● **WHAT YOU HAVE TO DO**
From the entries below, return only the lines starting at the one that contains "この駅に貼ってきた純子の写真" and ending at the one that contains "架線の注意書きがある板をホームから。", exactly as they stand.

● **EXTRACTED ENTRIES**
+---+
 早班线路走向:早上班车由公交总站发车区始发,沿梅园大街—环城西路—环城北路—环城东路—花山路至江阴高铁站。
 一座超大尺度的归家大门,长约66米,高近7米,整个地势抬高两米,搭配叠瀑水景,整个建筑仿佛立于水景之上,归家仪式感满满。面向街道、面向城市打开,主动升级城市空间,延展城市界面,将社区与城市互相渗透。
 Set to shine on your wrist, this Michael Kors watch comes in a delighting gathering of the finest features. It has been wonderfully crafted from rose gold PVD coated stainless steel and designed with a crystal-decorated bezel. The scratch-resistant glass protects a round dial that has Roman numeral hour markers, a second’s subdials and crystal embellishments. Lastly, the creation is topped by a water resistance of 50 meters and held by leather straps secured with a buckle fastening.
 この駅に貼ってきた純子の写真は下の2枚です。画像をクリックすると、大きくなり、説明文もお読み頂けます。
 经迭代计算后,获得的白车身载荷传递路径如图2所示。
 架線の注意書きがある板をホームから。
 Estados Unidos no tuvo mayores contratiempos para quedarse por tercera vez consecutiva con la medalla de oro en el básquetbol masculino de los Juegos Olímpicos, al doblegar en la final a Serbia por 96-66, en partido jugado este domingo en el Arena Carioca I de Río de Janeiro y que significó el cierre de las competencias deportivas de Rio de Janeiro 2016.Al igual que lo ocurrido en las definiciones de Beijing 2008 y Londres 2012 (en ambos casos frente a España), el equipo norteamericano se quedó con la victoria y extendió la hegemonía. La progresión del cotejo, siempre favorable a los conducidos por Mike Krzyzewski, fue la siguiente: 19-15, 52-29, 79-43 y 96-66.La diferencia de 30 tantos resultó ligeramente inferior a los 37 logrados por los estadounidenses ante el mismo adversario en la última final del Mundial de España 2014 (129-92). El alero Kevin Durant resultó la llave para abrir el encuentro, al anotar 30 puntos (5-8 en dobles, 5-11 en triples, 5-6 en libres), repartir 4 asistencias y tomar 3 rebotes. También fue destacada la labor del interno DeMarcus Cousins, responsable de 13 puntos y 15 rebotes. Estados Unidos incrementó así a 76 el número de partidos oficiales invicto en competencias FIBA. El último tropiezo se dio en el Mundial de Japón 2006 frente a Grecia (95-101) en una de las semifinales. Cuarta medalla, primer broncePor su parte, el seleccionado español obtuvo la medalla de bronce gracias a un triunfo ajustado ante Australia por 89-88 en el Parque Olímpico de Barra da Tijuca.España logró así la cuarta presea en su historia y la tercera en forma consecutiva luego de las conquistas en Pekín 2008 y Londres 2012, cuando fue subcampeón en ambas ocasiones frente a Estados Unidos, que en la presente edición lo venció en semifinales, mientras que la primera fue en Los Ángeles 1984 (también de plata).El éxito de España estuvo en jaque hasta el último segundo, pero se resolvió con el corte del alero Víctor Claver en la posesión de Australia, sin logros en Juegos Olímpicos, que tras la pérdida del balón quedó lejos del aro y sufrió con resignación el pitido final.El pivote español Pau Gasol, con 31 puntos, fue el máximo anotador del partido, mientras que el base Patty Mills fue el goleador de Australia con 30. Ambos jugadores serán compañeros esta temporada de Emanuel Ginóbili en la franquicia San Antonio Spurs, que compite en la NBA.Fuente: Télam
+---+
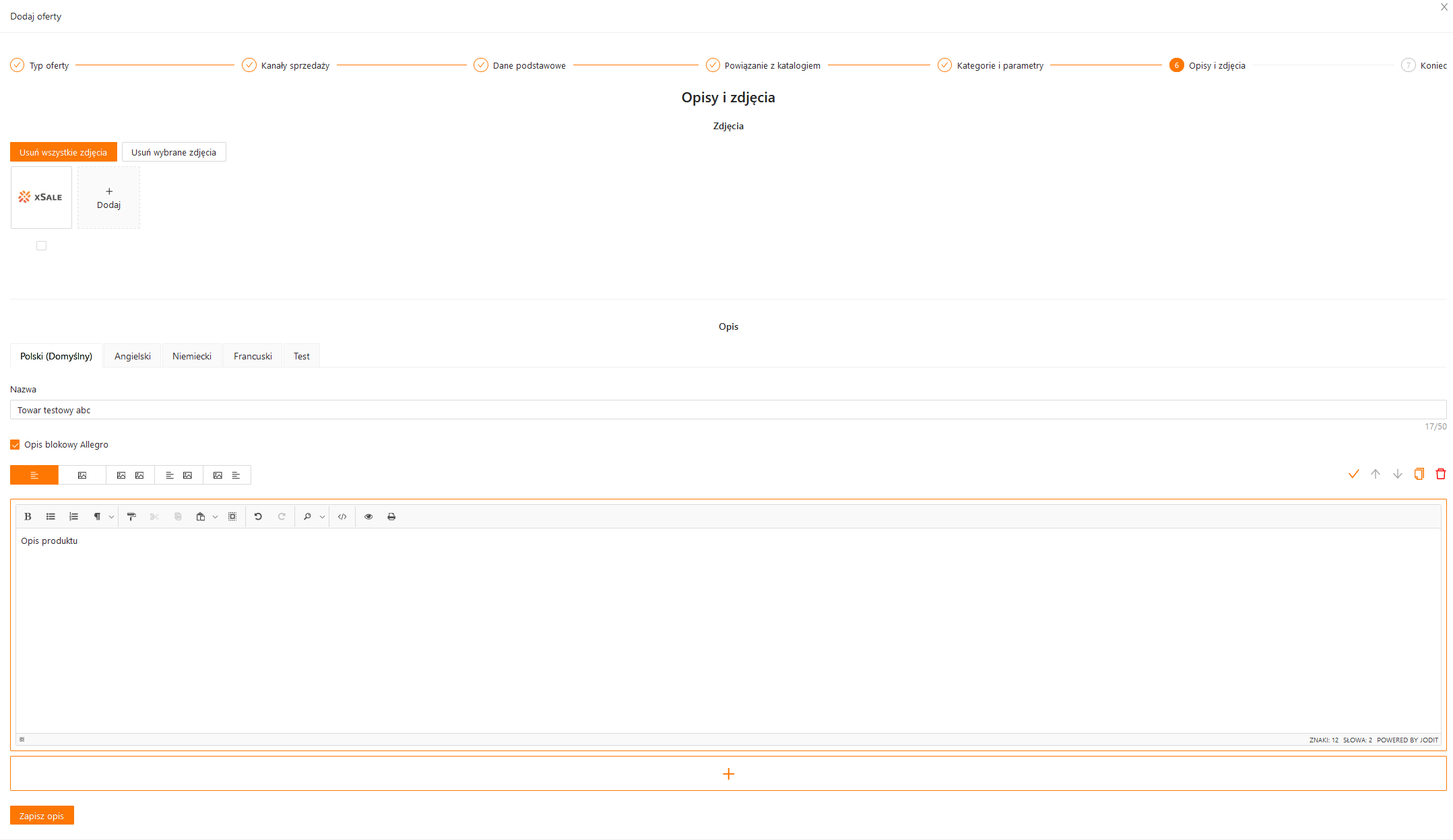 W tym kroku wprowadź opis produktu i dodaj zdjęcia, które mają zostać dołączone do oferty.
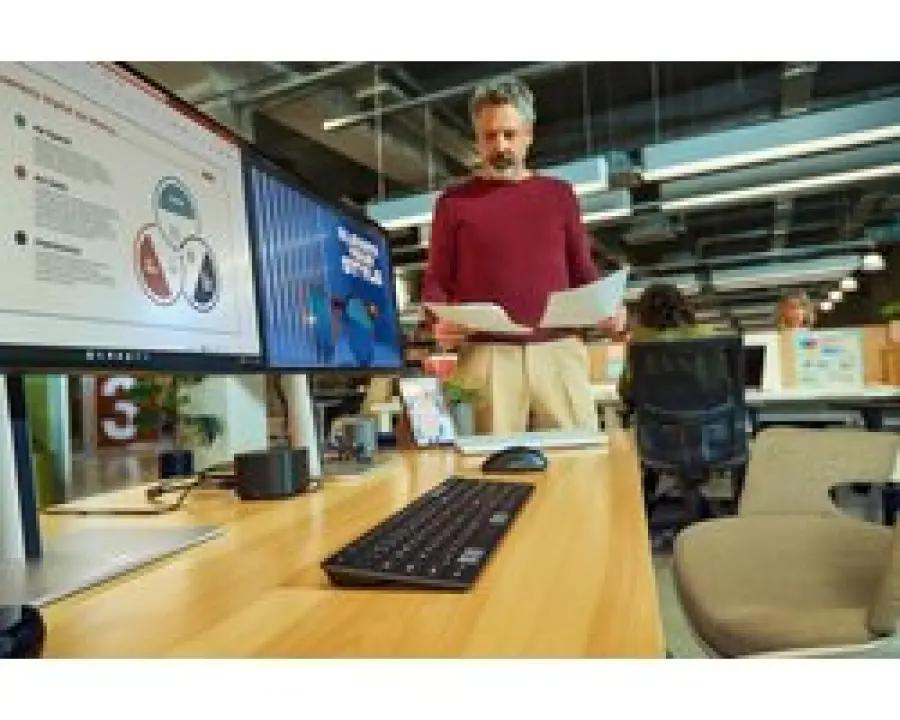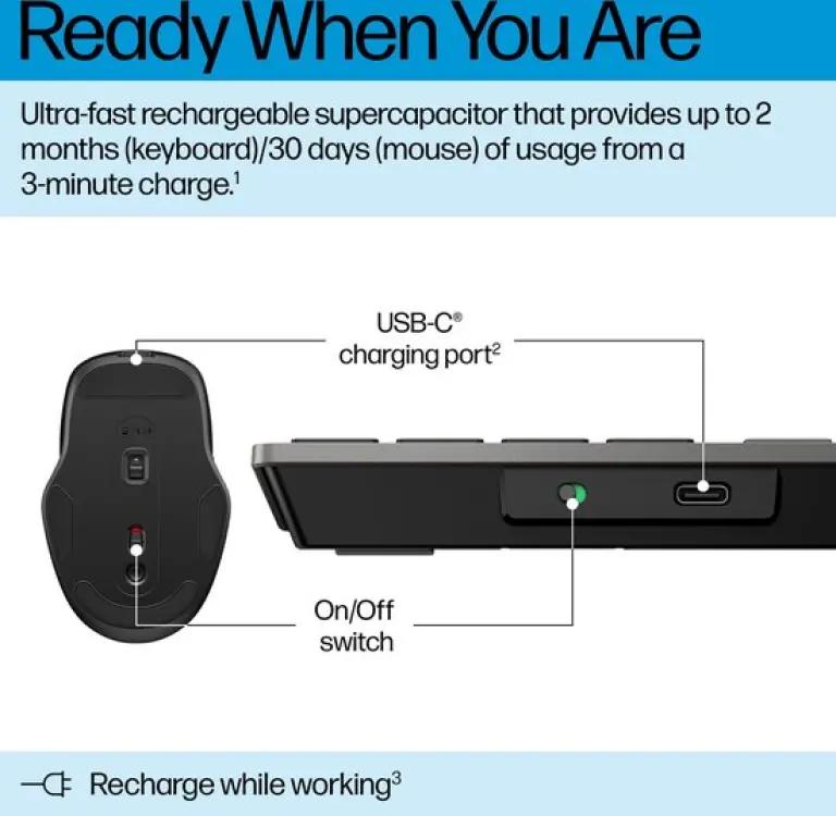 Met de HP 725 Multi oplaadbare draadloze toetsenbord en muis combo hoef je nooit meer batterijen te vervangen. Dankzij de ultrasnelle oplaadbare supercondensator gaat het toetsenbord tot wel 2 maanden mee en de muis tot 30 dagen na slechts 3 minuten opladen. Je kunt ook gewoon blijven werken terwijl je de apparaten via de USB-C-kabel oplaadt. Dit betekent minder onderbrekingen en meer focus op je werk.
+---+
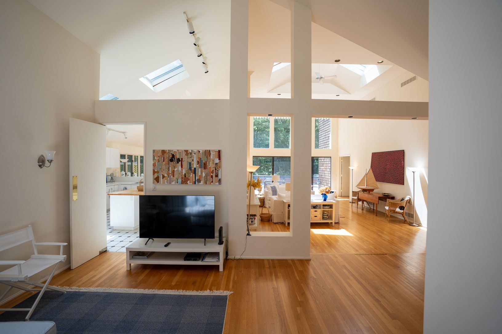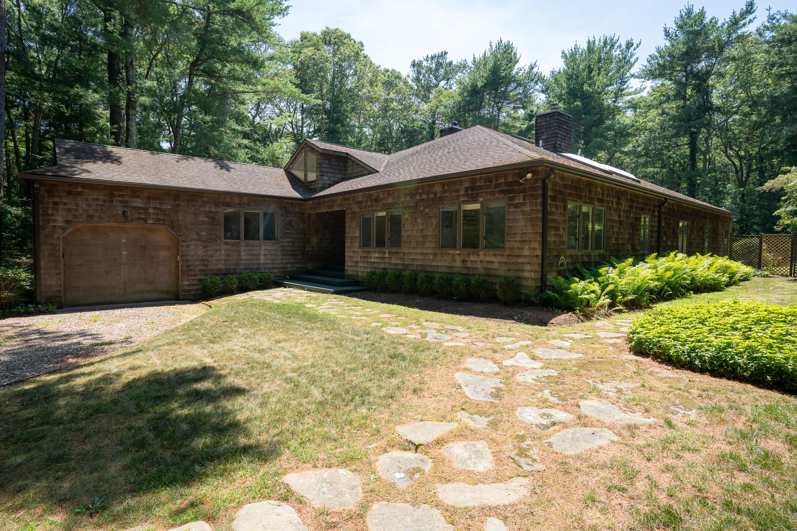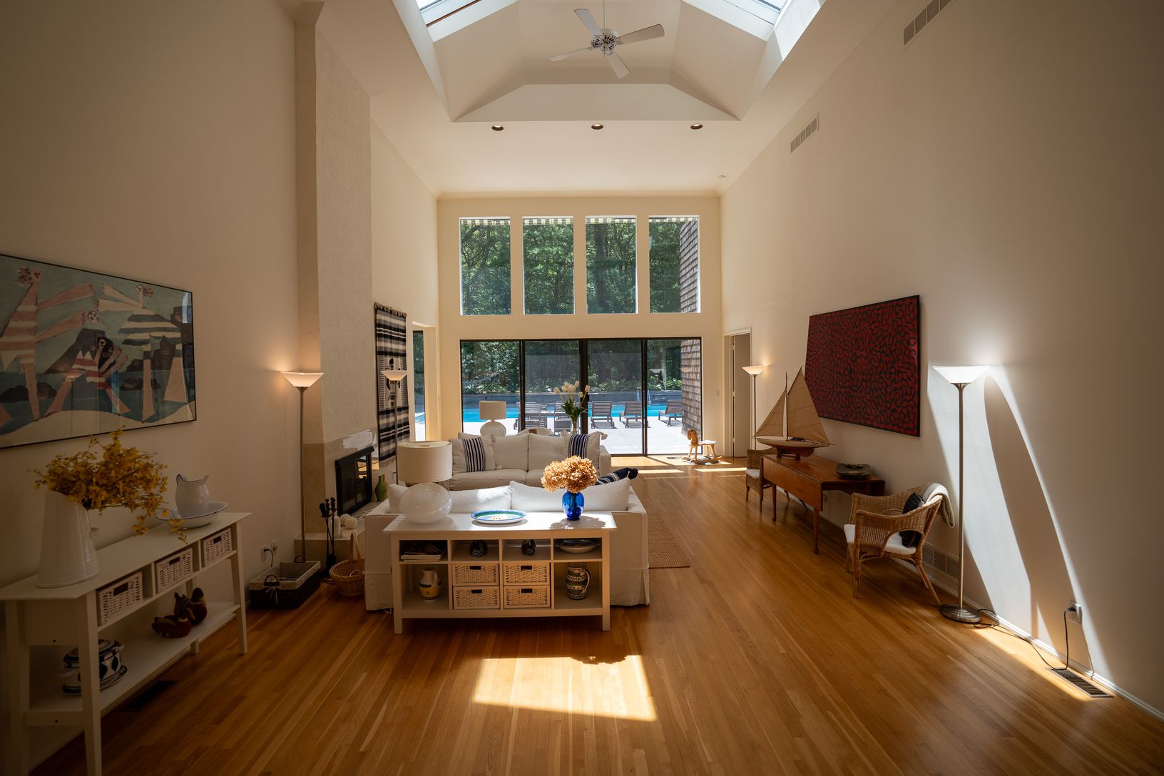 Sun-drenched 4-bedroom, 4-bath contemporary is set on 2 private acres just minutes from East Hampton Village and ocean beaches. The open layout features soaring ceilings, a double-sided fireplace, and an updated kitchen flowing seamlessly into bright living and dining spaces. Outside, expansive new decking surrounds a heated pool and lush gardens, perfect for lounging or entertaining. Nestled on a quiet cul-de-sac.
+---+
● **SOLUTION FOR THIS EXERCISE**
 この駅に貼ってきた純子の写真は下の2枚です。画像をクリックすると、大きくなり、説明文もお読み頂けます。
 经迭代计算后,获得的白车身载荷传递路径如图2所示。
 架線の注意書きがある板をホームから。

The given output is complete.